Top of Available data
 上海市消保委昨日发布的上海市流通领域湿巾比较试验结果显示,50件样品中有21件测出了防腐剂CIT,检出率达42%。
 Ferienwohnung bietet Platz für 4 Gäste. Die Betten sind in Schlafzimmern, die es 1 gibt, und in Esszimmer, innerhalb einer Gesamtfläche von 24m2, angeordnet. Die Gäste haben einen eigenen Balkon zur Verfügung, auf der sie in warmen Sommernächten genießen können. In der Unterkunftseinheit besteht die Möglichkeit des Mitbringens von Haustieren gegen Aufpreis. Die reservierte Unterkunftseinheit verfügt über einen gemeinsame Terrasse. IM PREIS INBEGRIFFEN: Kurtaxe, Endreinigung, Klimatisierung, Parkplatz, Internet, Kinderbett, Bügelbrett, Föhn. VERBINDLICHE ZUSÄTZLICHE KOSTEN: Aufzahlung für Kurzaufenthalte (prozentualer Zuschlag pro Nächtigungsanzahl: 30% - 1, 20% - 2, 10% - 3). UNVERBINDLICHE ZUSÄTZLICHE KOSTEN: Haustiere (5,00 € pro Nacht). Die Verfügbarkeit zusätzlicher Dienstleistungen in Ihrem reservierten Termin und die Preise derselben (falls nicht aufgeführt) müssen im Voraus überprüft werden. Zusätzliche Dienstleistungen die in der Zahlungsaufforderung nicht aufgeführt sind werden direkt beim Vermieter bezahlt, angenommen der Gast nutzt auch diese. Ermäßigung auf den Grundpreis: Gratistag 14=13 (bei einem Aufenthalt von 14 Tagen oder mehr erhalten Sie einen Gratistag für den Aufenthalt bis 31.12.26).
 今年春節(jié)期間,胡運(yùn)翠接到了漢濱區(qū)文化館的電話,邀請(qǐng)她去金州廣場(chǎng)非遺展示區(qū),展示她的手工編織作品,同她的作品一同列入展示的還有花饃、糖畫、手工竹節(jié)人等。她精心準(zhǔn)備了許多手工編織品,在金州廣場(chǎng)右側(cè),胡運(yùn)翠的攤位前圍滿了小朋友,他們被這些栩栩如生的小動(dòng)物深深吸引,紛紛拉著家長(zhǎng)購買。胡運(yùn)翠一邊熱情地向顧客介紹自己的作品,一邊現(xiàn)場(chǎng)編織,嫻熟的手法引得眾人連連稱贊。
Bottom of Available data
Top of Available data
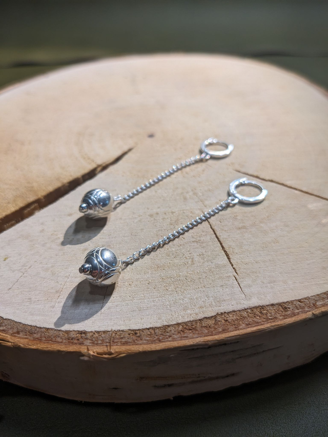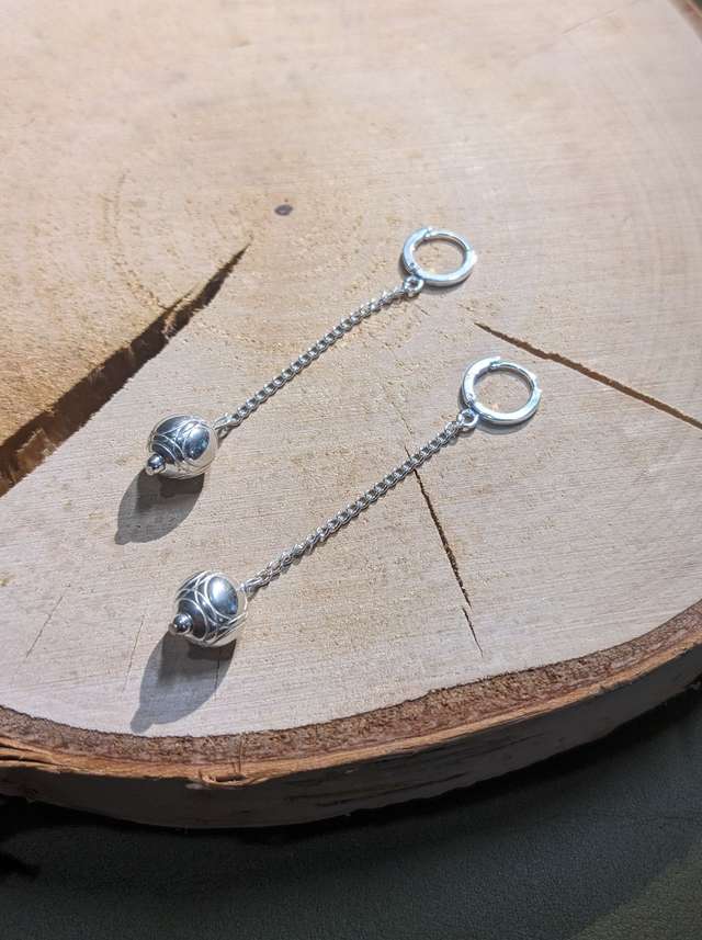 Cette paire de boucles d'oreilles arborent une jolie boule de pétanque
Bottom of Available data
Assignment
Copy out the range of lines above starting at the line with "Ferienwohnung bietet Platz" and ending at the line with "今年春節(jié)期間,胡運", exactly and including both.

Response
 Ferienwohnung bietet Platz für 4 Gäste. Die Betten sind in Schlafzimmern, die es 1 gibt, und in Esszimmer, innerhalb einer Gesamtfläche von 24m2, angeordnet. Die Gäste haben einen eigenen Balkon zur Verfügung, auf der sie in warmen Sommernächten genießen können. In der Unterkunftseinheit besteht die Möglichkeit des Mitbringens von Haustieren gegen Aufpreis. Die reservierte Unterkunftseinheit verfügt über einen gemeinsame Terrasse. IM PREIS INBEGRIFFEN: Kurtaxe, Endreinigung, Klimatisierung, Parkplatz, Internet, Kinderbett, Bügelbrett, Föhn. VERBINDLICHE ZUSÄTZLICHE KOSTEN: Aufzahlung für Kurzaufenthalte (prozentualer Zuschlag pro Nächtigungsanzahl: 30% - 1, 20% - 2, 10% - 3). UNVERBINDLICHE ZUSÄTZLICHE KOSTEN: Haustiere (5,00 € pro Nacht). Die Verfügbarkeit zusätzlicher Dienstleistungen in Ihrem reservierten Termin und die Preise derselben (falls nicht aufgeführt) müssen im Voraus überprüft werden. Zusätzliche Dienstleistungen die in der Zahlungsaufforderung nicht aufgeführt sind werden direkt beim Vermieter bezahlt, angenommen der Gast nutzt auch diese. Ermäßigung auf den Grundpreis: Gratistag 14=13 (bei einem Aufenthalt von 14 Tagen oder mehr erhalten Sie einen Gratistag für den Aufenthalt bis 31.12.26).
 今年春節(jié)期間,胡運(yùn)翠接到了漢濱區(qū)文化館的電話,邀請(qǐng)她去金州廣場(chǎng)非遺展示區(qū),展示她的手工編織作品,同她的作品一同列入展示的還有花饃、糖畫、手工竹節(jié)人等。她精心準(zhǔn)備了許多手工編織品,在金州廣場(chǎng)右側(cè),胡運(yùn)翠的攤位前圍滿了小朋友,他們被這些栩栩如生的小動(dòng)物深深吸引,紛紛拉著家長(zhǎng)購買。胡運(yùn)翠一邊熱情地向顧客介紹自己的作品,一邊現(xiàn)場(chǎng)編織,嫻熟的手法引得眾人連連稱贊。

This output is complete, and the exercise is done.